IN THE CLUB (Cert. 15), it takes a few minutes before we are made aware that the four men living in a secluded house in Chile are disgraced priests. They own a greyhound that wins races and money for them. The people of the small seaside town keep their distance, and vice versa.
In fact, it is a condition that an embarrassed Church imposes, protecting its own as well as itself. By being hidden away, at least some of these clerics may have avoided prison. Each has been sent to this place to purge sins from the past. They live according to a strict regime under the watchful eye of a female caretaker, a former nun, Sister Mónica (Antonia Zegers).
The fragile stability of their routine is disrupted by the arrival of a fifth man, bringing with him reminders of pasts they thought they had left behind. It gets far more difficult to keep the lid on things after this newly disgraced companion, Fr Lazcano (José Soza), blows his brains out in the front garden after a young local fisherman, Sandokan (Roberto Farías), who remembers the abuses he suffered at this priest’s hands, shouts about it for all to hear.
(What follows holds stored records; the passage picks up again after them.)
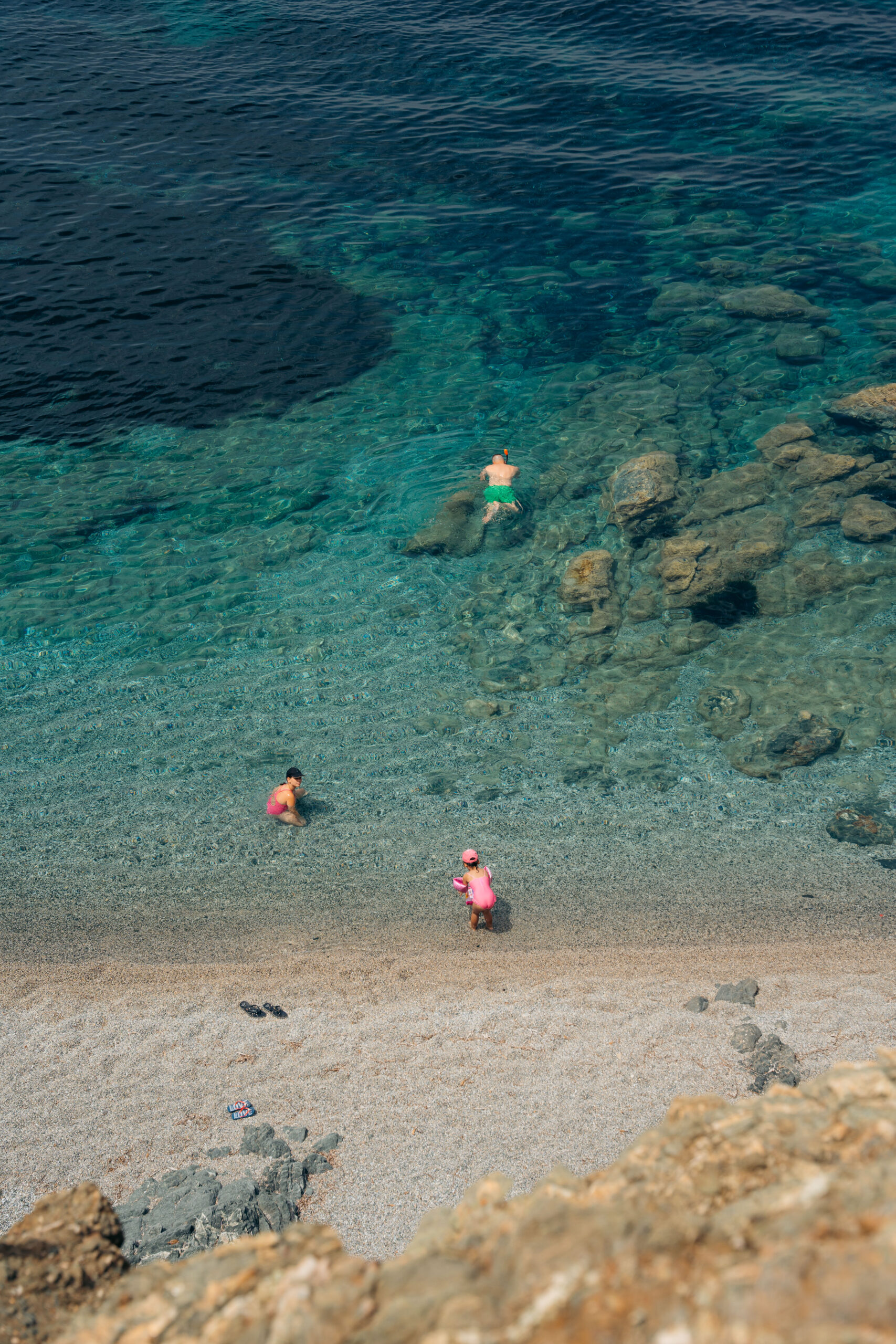 Vlychadia Beach combines natural beauty with several amenities for fun and relaxation. Divided into two sections, one pebbly and the other sandy, it has relatively shallow waters ideal for families with young children. After a swim, visitors can relax in the shade of trees or try both local and other special dishes at the nearby taverns and restaurants. Behind the beach, there are rental rooms and a small museum that narrates the history of sponge diving and its connection to the island. The seabed in this area is renowned for its beauty, attracting spear fishers and snorkeling enthusiasts.
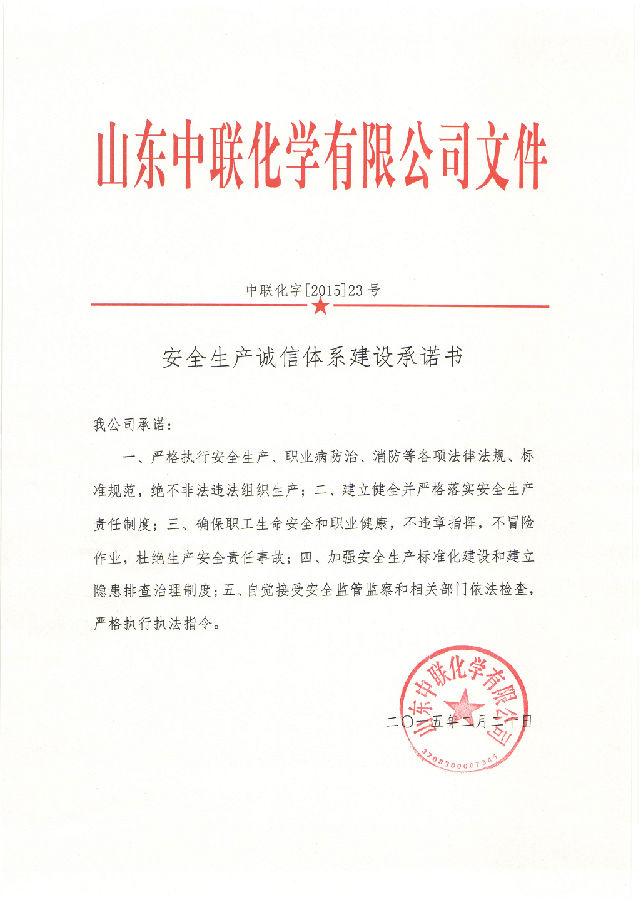 2015年2月20日《安全生產(chǎn)誠信體系建設(shè)承諾書》……
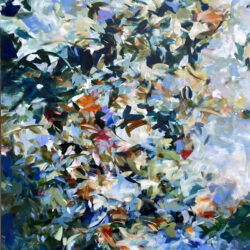 Morosky's abstract expressionist painting takes its creative impulse from the evolving natural environment. Frequently with an up-close perspective, her paintings develop from an abstract vocabulary inspired by the properties of water, fields, and their boundaries. Within Morosky’s compositions are searches for the essence of nature’s spontaneous and underlying forces. She begins with a robust foundation of strokes and color. Morosky paints simply. Rather than using sketches, her compositions are worked out on the surface of the canvas with layers continuously being reformulated. Morosky moves the paint with wet, dry, and scraping strokes to punctuate her work
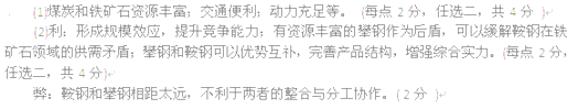 (1)结合材料分析鞍钢和攀钢共同的优势区位条件。( 4分)
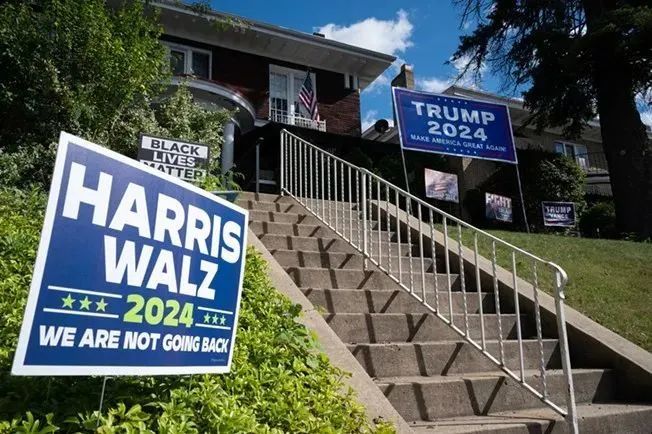 一些美国选民通过在自家前院悬挂标语、旗帜和装饰品来表达对总统候选人的支持。
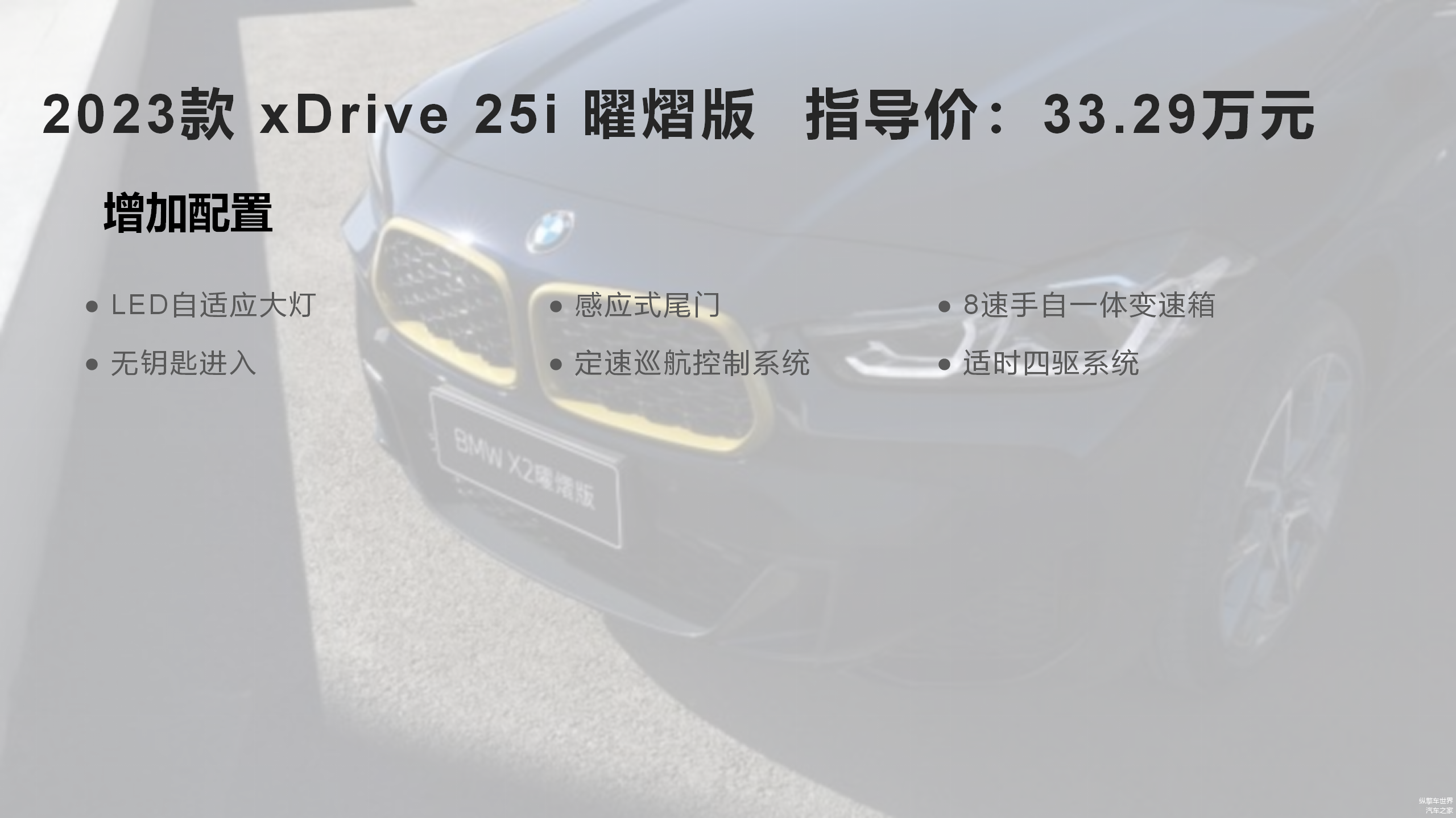 同样是新增车型,xDrive 25i 曜熠版主要增加了自适应远近光、无钥匙进入、定速巡航、适时四驱系统等,价格同样比上一版本高2万,不过除了四驱系统,其他配置并没有什么值得称道的,综合性价比一般。
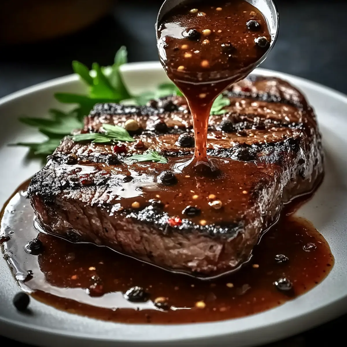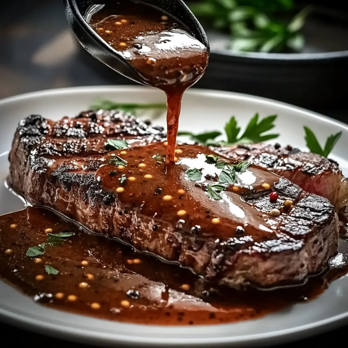 - Serve the sauce generously over cooked steak and garnish with fresh chopped parsley.
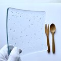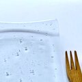 ◎ラムネのビンのような爽やかな色のガラスの中に、炭酸のシュワシュワした大小さまざまなな気泡を閉じ込めたガラスのお皿です。
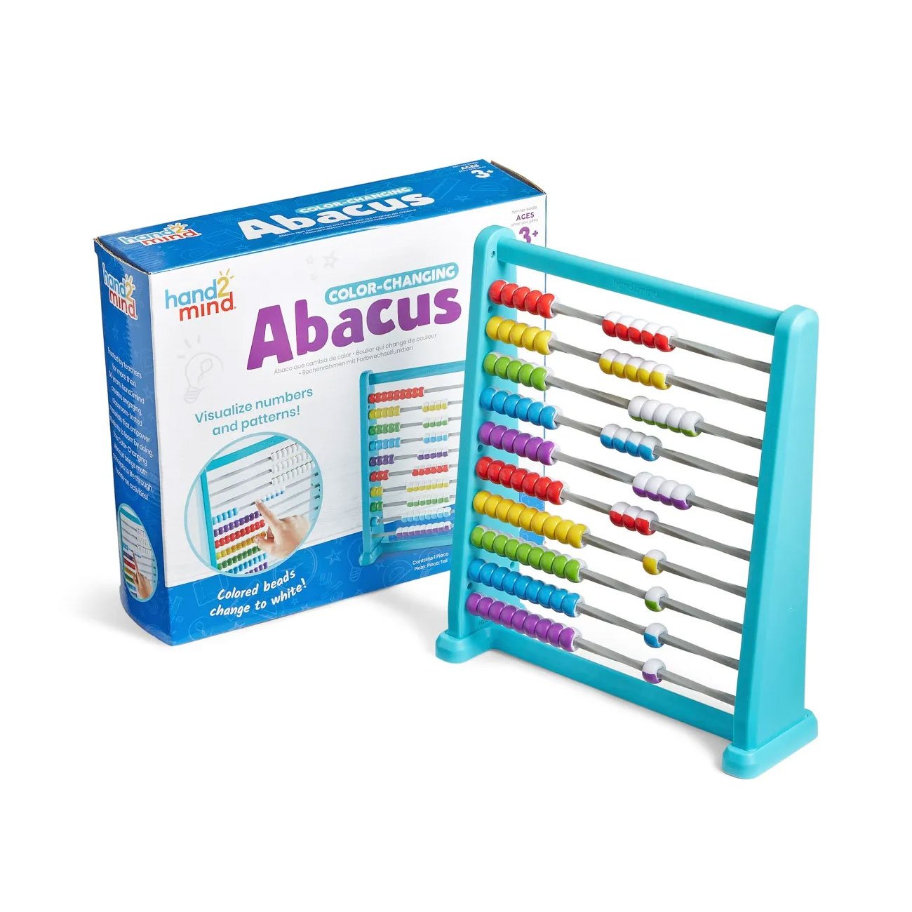 • Многоцветните мъниста стават бели, когато децата ги плъзгат по всеки ред, като това им помага да упражняват броене и моделиране, както и основно събиране и изваждане.
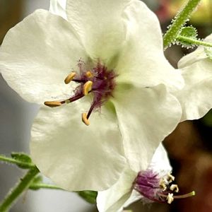 〜バーバスカム ブラッタリア アルビフローラム〜 とても長い名前の花です 5月に最初の花が咲き、剪定後3度目の花が咲いています 一昨年花屋さんで買い求め、種を採り、昨年の春に種を蒔きました 昨年はずっとロゼット状態のまま花は咲かず冬を越しました 花は咲かないのかな?と思ったら今年の春になって茎を1メートル以上伸ばして5月頃咲き始めました 花後剪定したらまた咲いてくれてもう3度目です こんなに綺麗な花をずっと楽しめるなんて思いませんでした ゴマノハグサ科 モウズイカ属 花言葉「臨機応変な態度」 線状降水帯が発生している地方の皆様どうぞお気を付けてお過ごしくださいね 被害が出ません様に願っています🙏
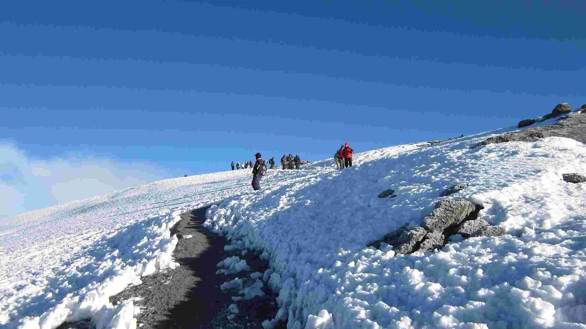 On a relatively easy path, today’s leg takes you over the Kibo Saddle. A lack of vegetation is characteristic for the landscape here as only a few types of grass and other plant species can survive in this dry area and thin air. Just before today’s destination is reached, one last rock passage has to be conquered. Finally arrive at the Kibo Hut, relax and mentally prepare for the midnight summit stage.
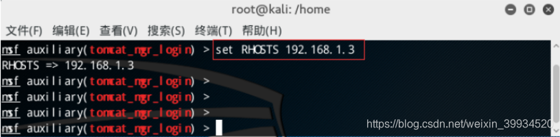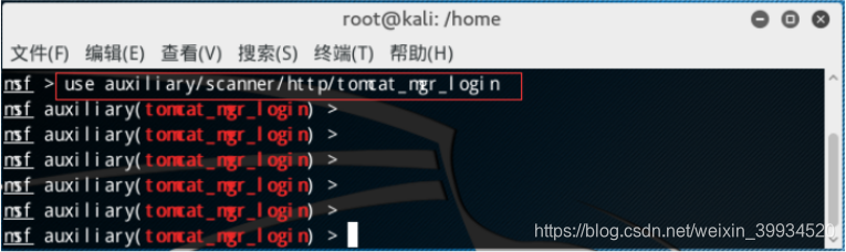 ”, 启用漏洞利用模块, 提示符就会提示进入到该路径下。(该模块用来暴力破解)
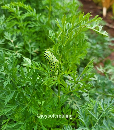 Yesterday, as I was looking to see if the carrot tops had actual carrots making under any of them. I was surprised to see an adorable black swallowtail caterpillar feeding quietly on a carrot top. I was so excited.
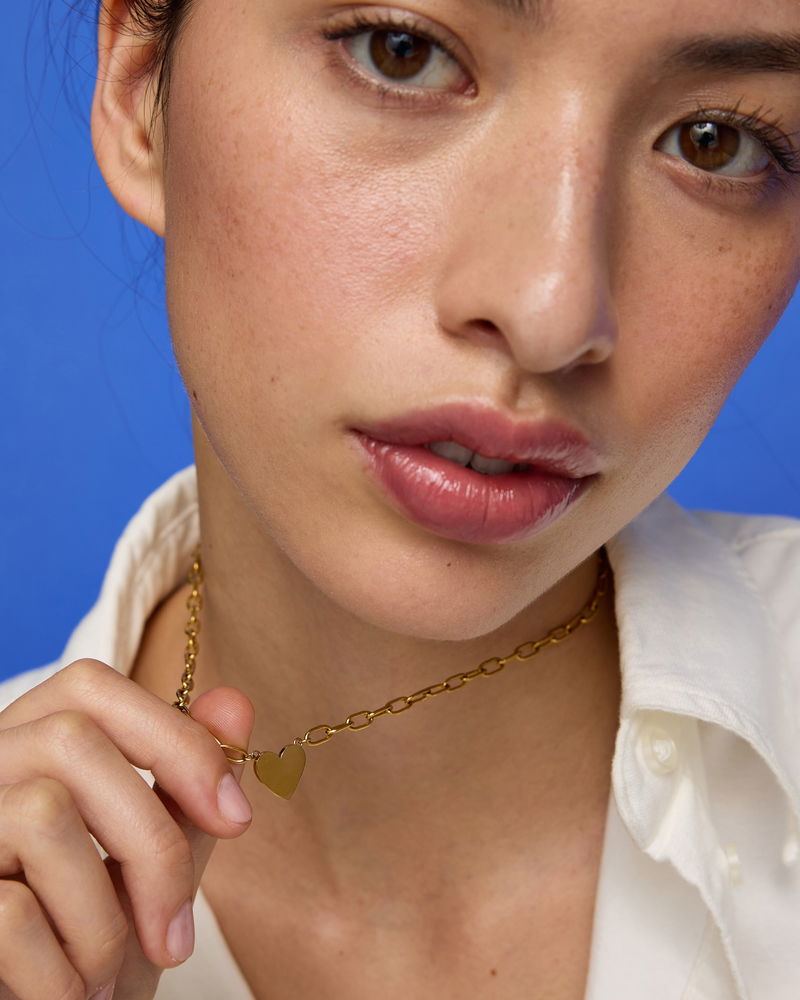 Talula Gold Tone Stainless Steel Waterproof Heart Pendant Chain Necklace
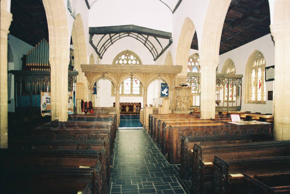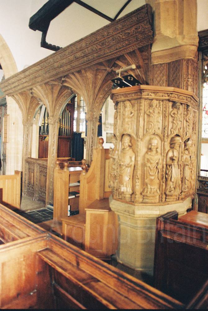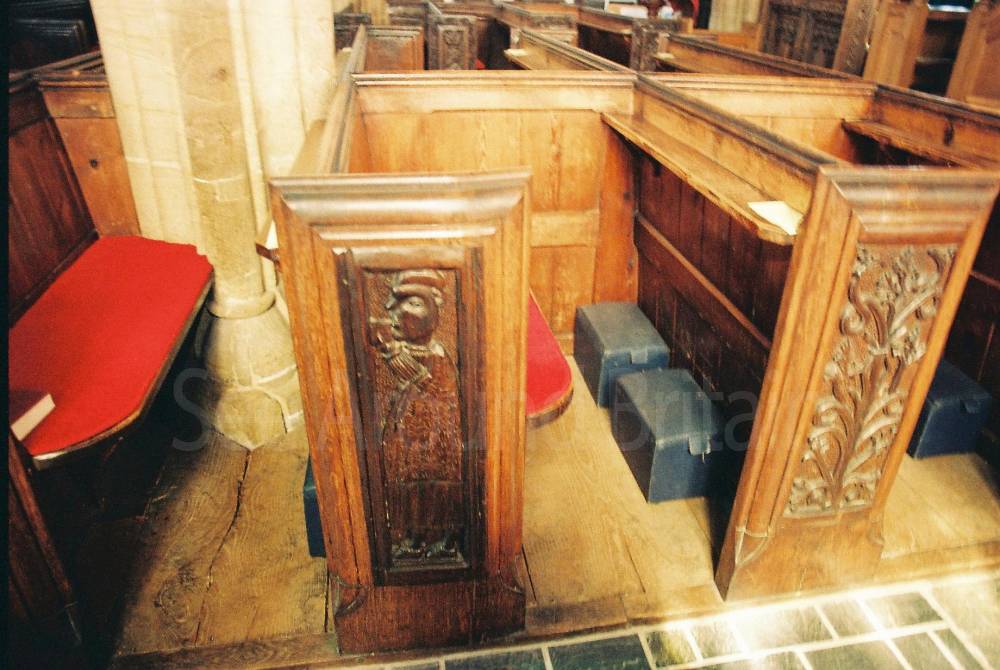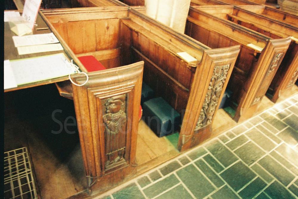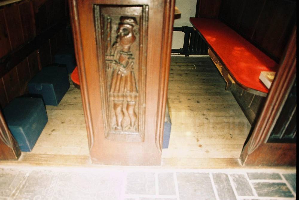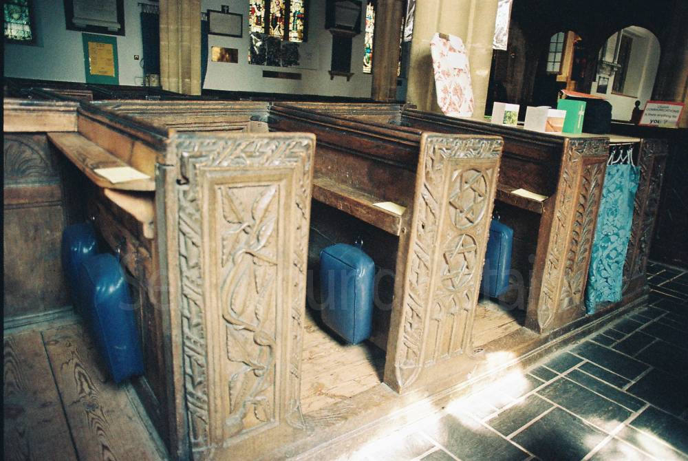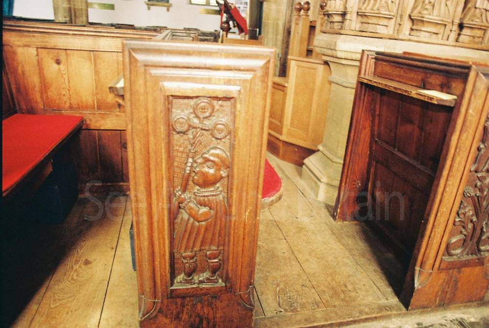 The east window, dating from the 15th century, depicts the crucifixion with St John and the Mother of Jesus at the foot of the Cross.[3] The pulpit is believed to date from the 16th century, moving to its current position from the north arcade as part of a Victorian restoration around 1863.[4] The extensive mid-16th century bench ends include a unique pre-Reformation procession.[5]

Enter Fr García (Marcelo Alonso), the trouble-shooter who wants to close the place down as discreetly as possible. The residents, however, have other ideas, including Mónica.
What I appreciated about the way these errant priests are portrayed is that they remain real human beings, neither monsters nor pantomime villains. Their rationalisations of past behaviour are on occasion plausible. The part played, for example, in passing the babies of overburdened mothers to affluent childless couples is seen by the priest concerned in terms of acts of mercy.
The film starts with a text from Genesis 1: “And God saw the light was good and separated the light from the darkness.” The challenge is discerning which is which at times during the film. Garcia is some kind of Grand Inquisitor with a moral seriousness that often segues into an institutional protectionism that lacks compassion or even understanding. In a case of doing a wrong thing for a “right” reason, he engineers with Mónica a cruel means of removing from the priests what he considers a different kind of temptation. This has devastating results.
The director, Pablo Larraín, is careful not to judge anyone in The Club. He is clear that this isn’t an investigative docu-drama along the lines of the Oscar-winning Spotlight (Arts, 29 January). Rather, his film holds up to us the mystery of human behaviour. Its grainy look challenges us to identify what is light and what is dark. Just as in Tony Manero, Post-Mortem, and No, he obliquely tackles the Pinochet years and the thousands who went missing. Whether Larraín now is referring chiefly to delinquent priests who “disappeared” from public office or their childhood victims is a moot point. Those boys may be missing from this film, and yet the remembrance of them is grievous to those watching, if not always to the men who abused their positions of power.